## Exercise aim
Write the data out again exactly, with every picture removed.
*** Opening Dataset extract ***
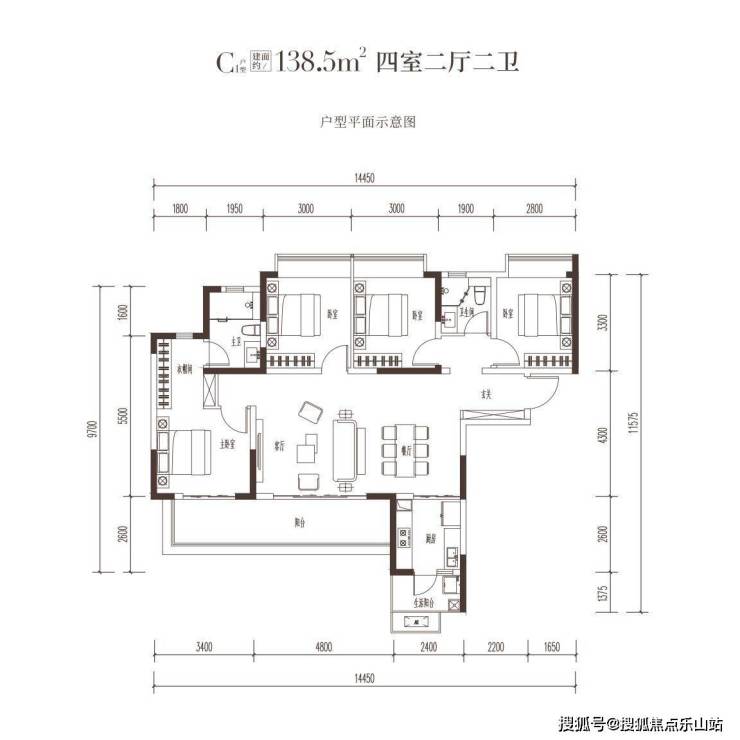 138㎡:四房横厅,南北通透,兼顾功能与舒适度。
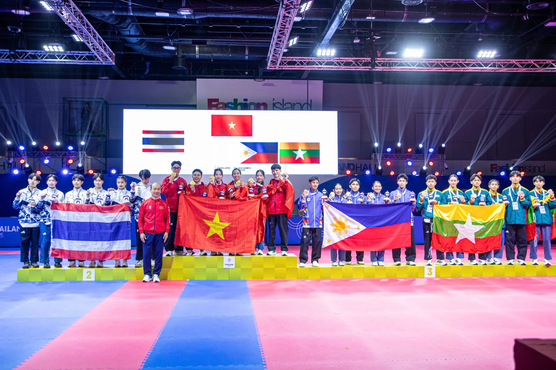 Trong khi đó, taekwondo mang về tấm HCV thứ 2 cho Đoàn Thể thao Việt Nam nhờ các võ sĩ Lê Trần Kim Uyên, Nguyễn Xuân Thành, Trần Đăng Khoa, Trần Hồ Duy, Nguyễn Thị Y Bình và Nguyễn Phan Khánh Hân ở nội dung quyền sáng tạo đồng đội hỗn hợp.
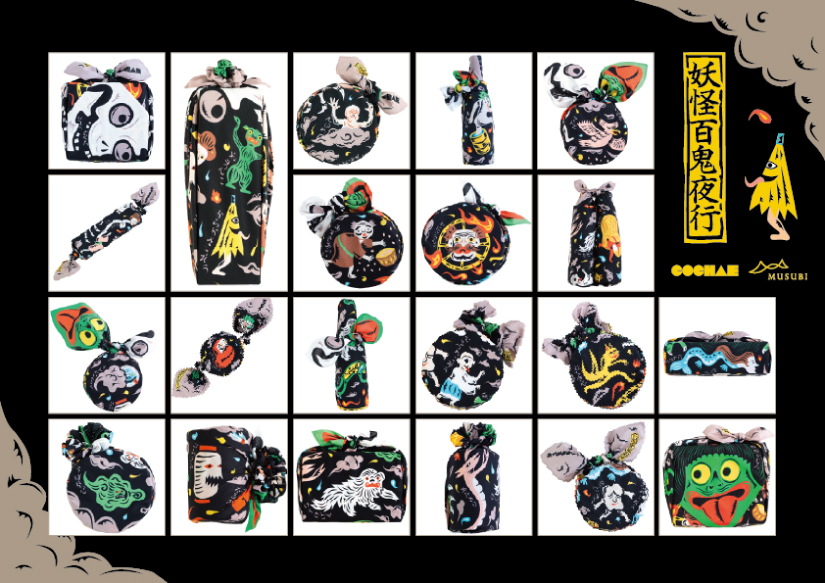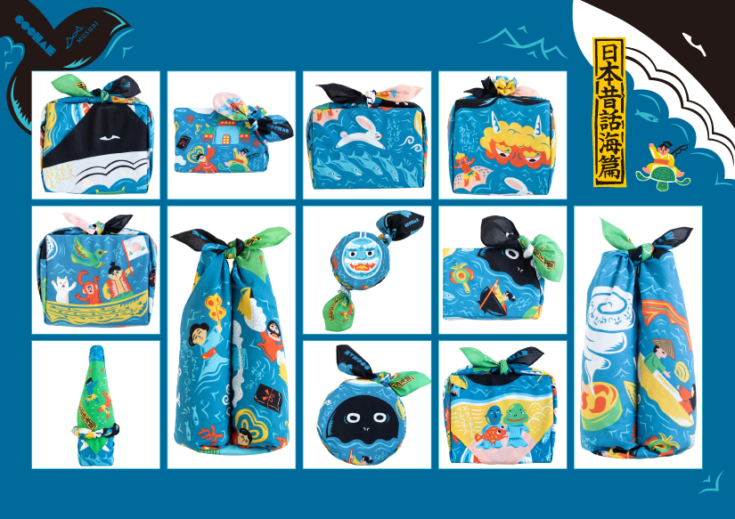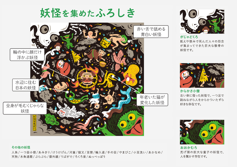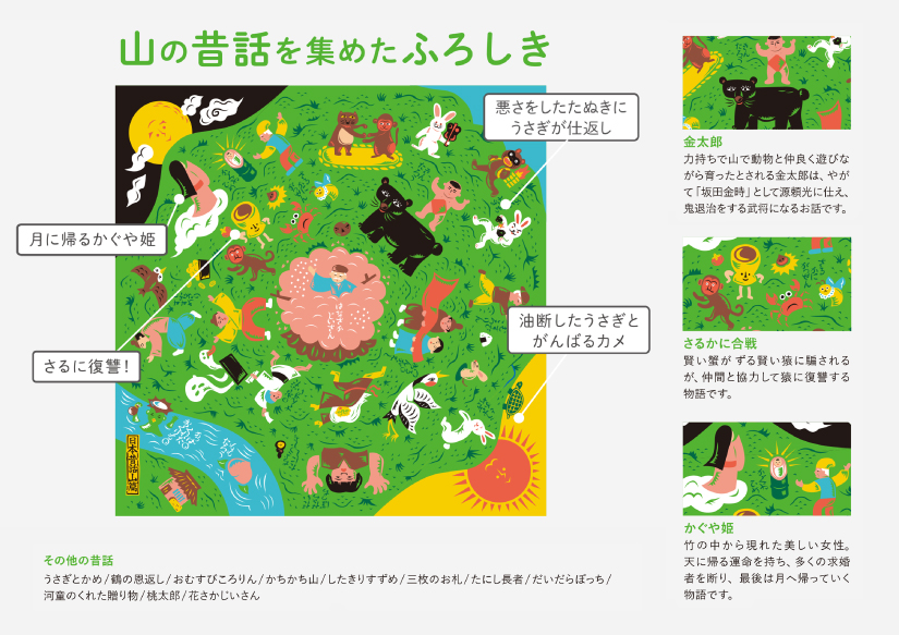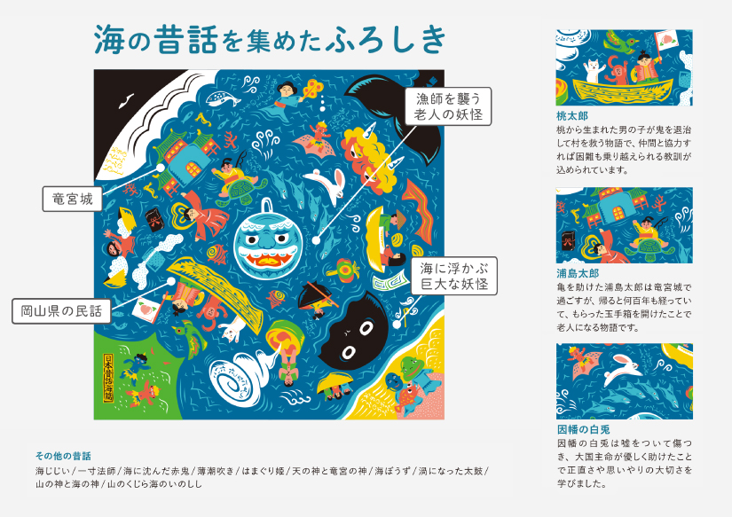 海・山・妖怪の物語のシーンを集めてふろしきにデザインしました。
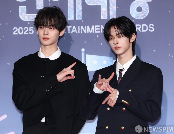 [서울=뉴스핌] 최지환 기자 = '쇼! 음악중심' 출연진 제로베이스 김규빈(왼쪽), 투어스 도훈이 29일 오후 서울 마포구 MBC 미디어센터에서 열린 2025 MBC 방송연예대상 시상식 포토월에서 포즈를 취하고 있다. 2025.12.29 choipix16@newspim.com
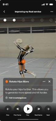The app analyzes your volleyball movements and provides actionable feedback on what you're doing well and what needs improvement. You'll receive customized training exercises designed to address your specific technical weaknesses.
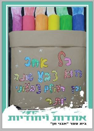 "אחדות וייחודיות – שומרים על אחדות שומרים על ייחודיות" דרך מגע ידיהם של תלמידנו המיוחדים. בביה"ס שלנו לומדים תלמידים בעלי לקויות תקשורת ובעלי מוגבלות שכלית התפתחותית. בית הספר משמש כבית חינוך הנותן מענה לימודי חברתי וטיפולי כדי לזהות ולקדם כל תלמיד בפוטנציאל הגלום בו. יצירה משותפת זו נעשתה כחלק מתחושת השייכות והיכולת האישית של כל אחד ואחת לתרום ליצירה המשותפת אם בציור או קרמיקה.
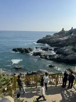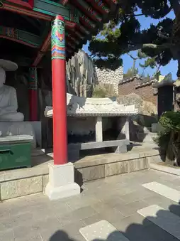 ✨海东龙宫寺 寺庙周围的树木色彩斑斓,让我们感受到季节的更迭。寺庙的宁静更增添了它的魅力。我和朋友悠闲地漫步其中,尽情享受着这季节的美好。海东龙宫寺是釜山必游景点之一。周围有很多小吃摊和纪念品商店,是消磨时光的理想之地。这里也是我和朋友留下美好回忆的绝佳场所。
*** Closing Dataset extract ***
## Expected answer
 138㎡:四房横厅,南北通透,兼顾功能与舒适度。
 Trong khi đó, taekwondo mang về tấm HCV thứ 2 cho Đoàn Thể thao Việt Nam nhờ các võ sĩ Lê Trần Kim Uyên, Nguyễn Xuân Thành, Trần Đăng Khoa, Trần Hồ Duy, Nguyễn Thị Y Bình và Nguyễn Phan Khánh Hân ở nội dung quyền sáng tạo đồng đội hỗn hợp.
 海・山・妖怪の物語のシーンを集めてふろしきにデザインしました。
 [서울=뉴스핌] 최지환 기자 = '쇼! 음악중심' 출연진 제로베이스 김규빈(왼쪽), 투어스 도훈이 29일 오후 서울 마포구 MBC 미디어센터에서 열린 2025 MBC 방송연예대상 시상식 포토월에서 포즈를 취하고 있다. 2025.12.29 choipix16@newspim.com
The app analyzes your volleyball movements and provides actionable feedback on what you're doing well and what needs improvement. You'll receive customized training exercises designed to address your specific technical weaknesses.
 "אחדות וייחודיות – שומרים על אחדות שומרים על ייחודיות" דרך מגע ידיהם של תלמידנו המיוחדים. בביה"ס שלנו לומדים תלמידים בעלי לקויות תקשורת ובעלי מוגבלות שכלית התפתחותית. בית הספר משמש כבית חינוך הנותן מענה לימודי חברתי וטיפולי כדי לזהות ולקדם כל תלמיד בפוטנציאל הגלום בו. יצירה משותפת זו נעשתה כחלק מתחושת השייכות והיכולת האישית של כל אחד ואחת לתרום ליצירה המשותפת אם בציור או קרמיקה.
 ✨海东龙宫寺 寺庙周围的树木色彩斑斓,让我们感受到季节的更迭。寺庙的宁静更增添了它的魅力。我和朋友悠闲地漫步其中,尽情享受着这季节的美好。海东龙宫寺是釜山必游景点之一。周围有很多小吃摊和纪念品商店,是消磨时光的理想之地。这里也是我和朋友留下美好回忆的绝佳场所。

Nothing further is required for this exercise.